It turns out that the community banks--those small (under $1 billion in assets), locally-focused financial institutions whom BizBox has veritably lionized these last several months--have been doing alright even now. According to Entrepreneur.com, over half saw an increase in deposits last month, and nearly that many saw new business customers (maybe BizBox readers!). To read our interview with Colorado community banker Dan Ford, click here; to read our very own Michael Taylor discuss how he found a small bank that would lend to his small business, click here.
Meanwhile, one thing we've noted about the community banks has been their great reluctance to take the money offered to banks as part of the federal government's Troubled Assets Relief Program. A main concern was the appearance of it (taking the money makes it look like you needed it and therefore are struggling).

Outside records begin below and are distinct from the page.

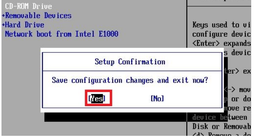 4、按“F10”,選擇“Yes”,按下“回車鍵”,計算機將重啟。
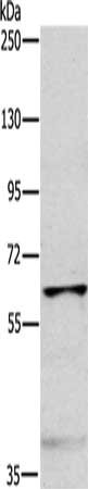 • Gel: 6%SDS-PAGE, Lysate: 40 μg, Lane: Mouse muscle tissue, Primary antibody: CSB-PA189164(MYLK2 Antibody) at dilution 1/1000, Secondary antibody: Goat anti rabbit IgG at 1/8000 dilution, Exposure time: 10 minutes
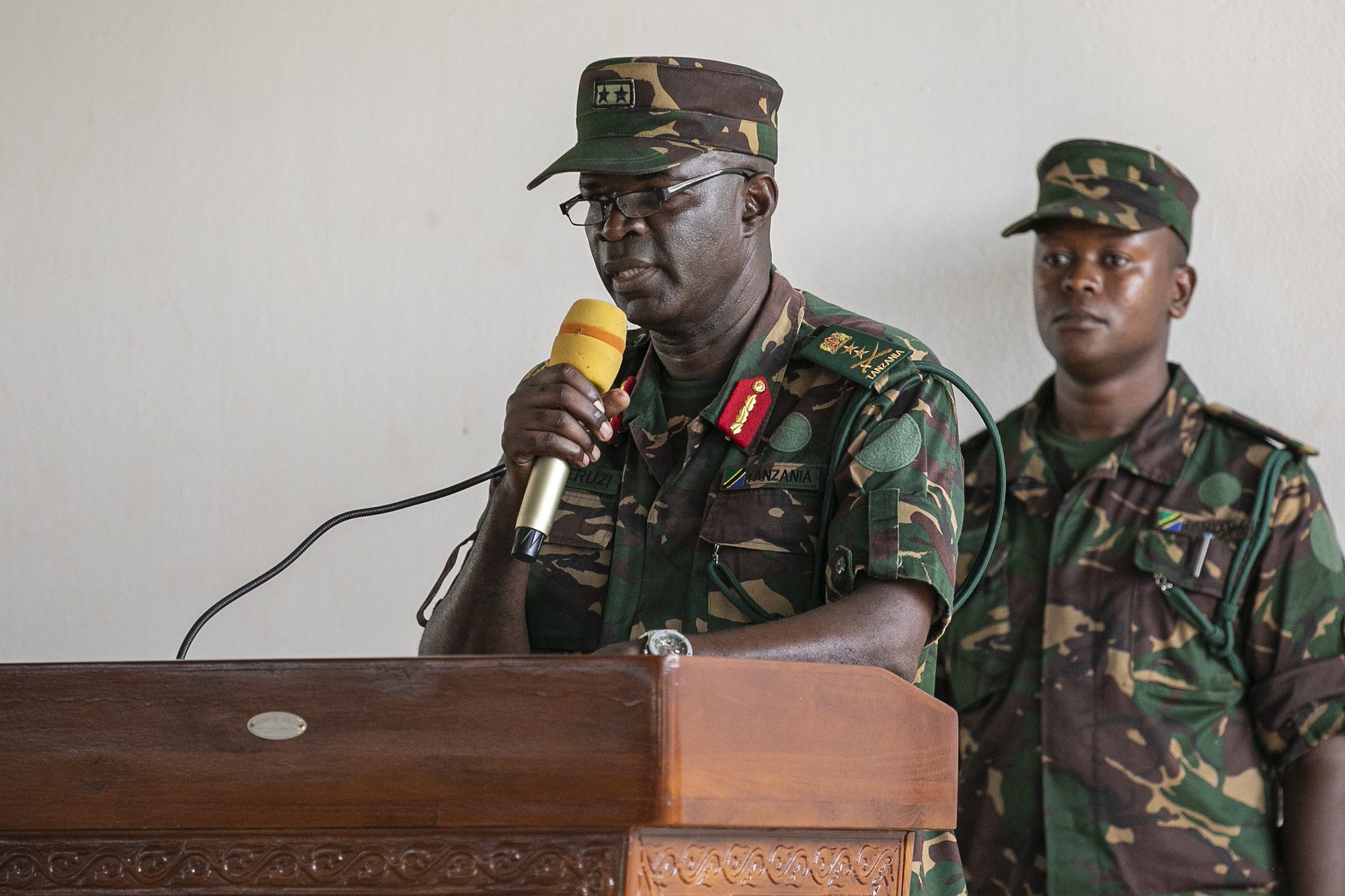 Maj. Gen. Charles Patnik, Tanzania People’s Defense Force (TPDF), delivers a speech to signify the start of the multinational exercise Justified Accord 2025 (JA25) at Msata Military Training Base in Msata, Tanzania, Feb. 11, 2025. JA25 is the premier U.S. Africa Command (USAFRICOM) exercise in East Africa, designed to enhance multinational combat readiness, strengthen crisis response capabilities and empower allies and partners in the region. Led by U.S. Army Southern European Task Force, Africa (SETAF-AF) and hosted in Kenya, Djibouti and Tanzania, JA25 integrates high-intensity training scenarios that sharpen warfighting skills, increase operational reach and enhance the ability to execute complex joint and multinational operations. The exercise runs from Feb. 10–21, 2025. (U.S. Army photo by Sgt. Michael Knight)
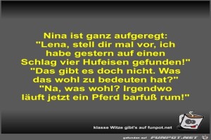 | Nina ist ganz aufgeregt Bild (44.99 KB) 2Lustiges → klasse Sprüche und Witze | Lustiges → klasse Sprüche und Witze | 05.11.23-14:13 | Fossy | |

But another concern was the restrictions the federal government was imposing on recipients, including some that weren't even disclosed--as Dan Ford put it to us, "The contract said you would comply with all present conditions and all future conditions imposed. Well, have you ever signed a contract where they said they'll tell you what the terms are later???"
Now comes news that many banks, including small ones, that did elect to take TARP money now want to return it so that they do not have to comply with the conditions--especially feared future limits on foreclosures and the like. Looks like the community banks--the small businesses of the financial industry, and the ones frequently most available to the small businesses of other industries--were ahead of the game on this one, too.